[How to complete this task]: The output must contain exactly the lines from the top of the listing below through the line containing "ภาพที่ 5 พญามังกร", and no pictures.

[Supplied information]:

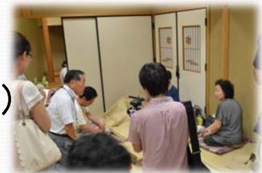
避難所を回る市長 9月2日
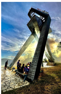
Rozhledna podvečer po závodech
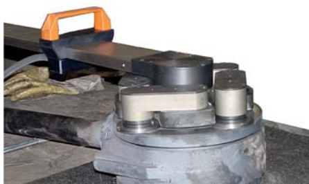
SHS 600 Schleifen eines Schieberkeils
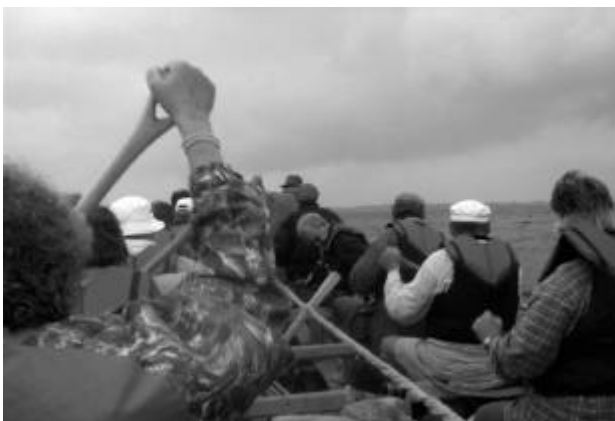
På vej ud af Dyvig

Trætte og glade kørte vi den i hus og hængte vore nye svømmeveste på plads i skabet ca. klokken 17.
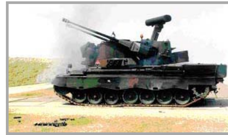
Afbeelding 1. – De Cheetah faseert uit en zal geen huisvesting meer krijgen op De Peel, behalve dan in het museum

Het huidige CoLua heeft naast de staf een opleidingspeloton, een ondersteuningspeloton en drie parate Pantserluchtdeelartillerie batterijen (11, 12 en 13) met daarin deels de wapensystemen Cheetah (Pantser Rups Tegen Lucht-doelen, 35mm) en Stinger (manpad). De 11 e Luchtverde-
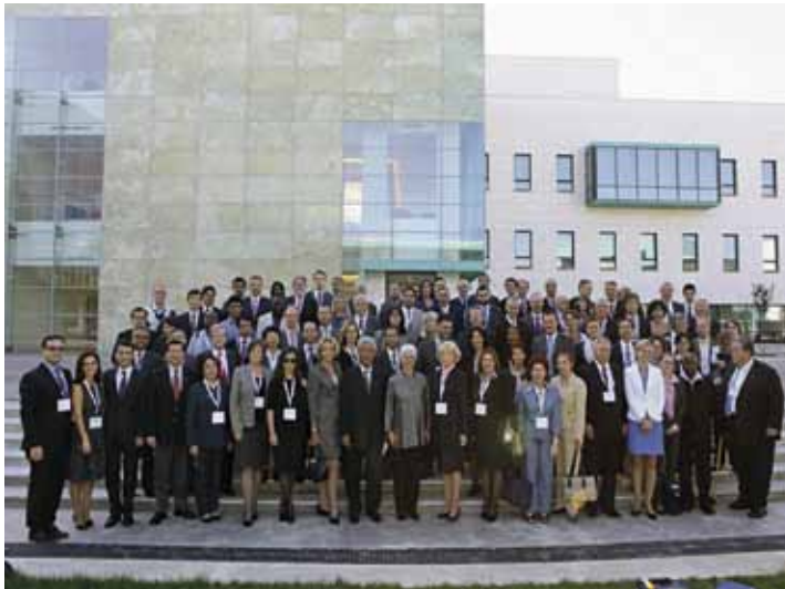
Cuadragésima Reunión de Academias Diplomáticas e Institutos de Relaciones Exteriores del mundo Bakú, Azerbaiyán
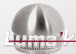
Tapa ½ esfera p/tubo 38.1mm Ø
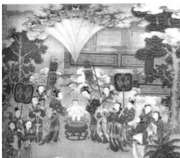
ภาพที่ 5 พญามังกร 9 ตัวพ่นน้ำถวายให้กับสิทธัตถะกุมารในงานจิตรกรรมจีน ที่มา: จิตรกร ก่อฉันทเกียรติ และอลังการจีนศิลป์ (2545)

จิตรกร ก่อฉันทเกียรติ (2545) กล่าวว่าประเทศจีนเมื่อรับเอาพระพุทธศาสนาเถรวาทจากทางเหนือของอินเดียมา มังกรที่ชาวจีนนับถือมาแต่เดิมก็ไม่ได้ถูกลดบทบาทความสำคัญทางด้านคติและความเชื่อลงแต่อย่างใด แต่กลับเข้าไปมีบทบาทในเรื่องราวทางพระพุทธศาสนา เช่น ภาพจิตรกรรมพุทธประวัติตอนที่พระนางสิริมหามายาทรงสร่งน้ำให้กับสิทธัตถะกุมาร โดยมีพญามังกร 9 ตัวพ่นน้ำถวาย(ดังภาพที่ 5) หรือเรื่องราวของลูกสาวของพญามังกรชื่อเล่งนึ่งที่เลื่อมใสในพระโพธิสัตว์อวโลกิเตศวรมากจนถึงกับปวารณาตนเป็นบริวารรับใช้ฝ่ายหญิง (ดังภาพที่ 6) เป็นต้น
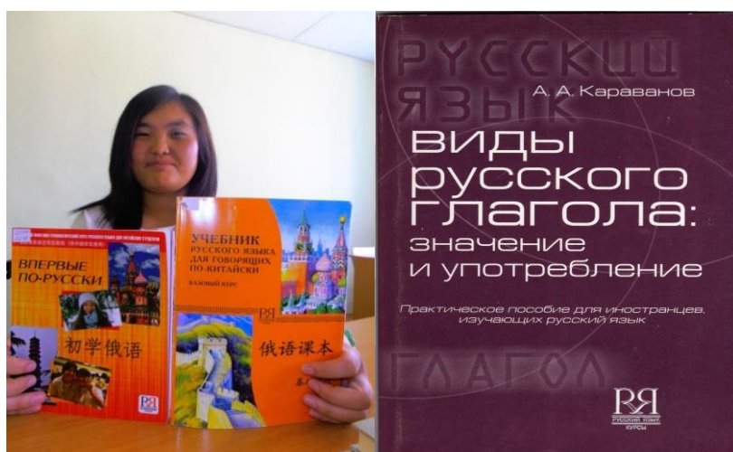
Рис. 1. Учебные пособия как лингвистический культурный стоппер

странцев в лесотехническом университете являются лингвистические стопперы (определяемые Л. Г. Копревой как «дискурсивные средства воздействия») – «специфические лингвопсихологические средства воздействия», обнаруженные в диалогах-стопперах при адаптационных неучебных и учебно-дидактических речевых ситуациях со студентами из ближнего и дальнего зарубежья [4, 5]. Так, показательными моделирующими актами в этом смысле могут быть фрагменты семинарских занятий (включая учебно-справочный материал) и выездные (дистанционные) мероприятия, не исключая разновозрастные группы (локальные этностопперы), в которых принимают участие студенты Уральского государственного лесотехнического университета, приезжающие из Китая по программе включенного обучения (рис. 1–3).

[Output]:
避難所を回る市長 9月2日
Rozhledna podvečer po závodech
SHS 600 Schleifen eines Schieberkeils
På vej ud af Dyvig

Trætte og glade kørte vi den i hus og hængte vore nye svømmeveste på plads i skabet ca. klokken 17.
Afbeelding 1. – De Cheetah faseert uit en zal geen huisvesting meer krijgen op De Peel, behalve dan in het museum

Het huidige CoLua heeft naast de staf een opleidingspeloton, een ondersteuningspeloton en drie parate Pantserluchtdeelartillerie batterijen (11, 12 en 13) met daarin deels de wapensystemen Cheetah (Pantser Rups Tegen Lucht-doelen, 35mm) en Stinger (manpad). De 11 e Luchtverde-
Cuadragésima Reunión de Academias Diplomáticas e Institutos de Relaciones Exteriores del mundo Bakú, Azerbaiyán
Tapa ½ esfera p/tubo 38.1mm Ø
ภาพที่ 5 พญามังกร 9 ตัวพ่นน้ำถวายให้กับสิทธัตถะกุมารในงานจิตรกรรมจีน ที่มา: จิตรกร ก่อฉันทเกียรติ และอลังการจีนศิลป์ (2545)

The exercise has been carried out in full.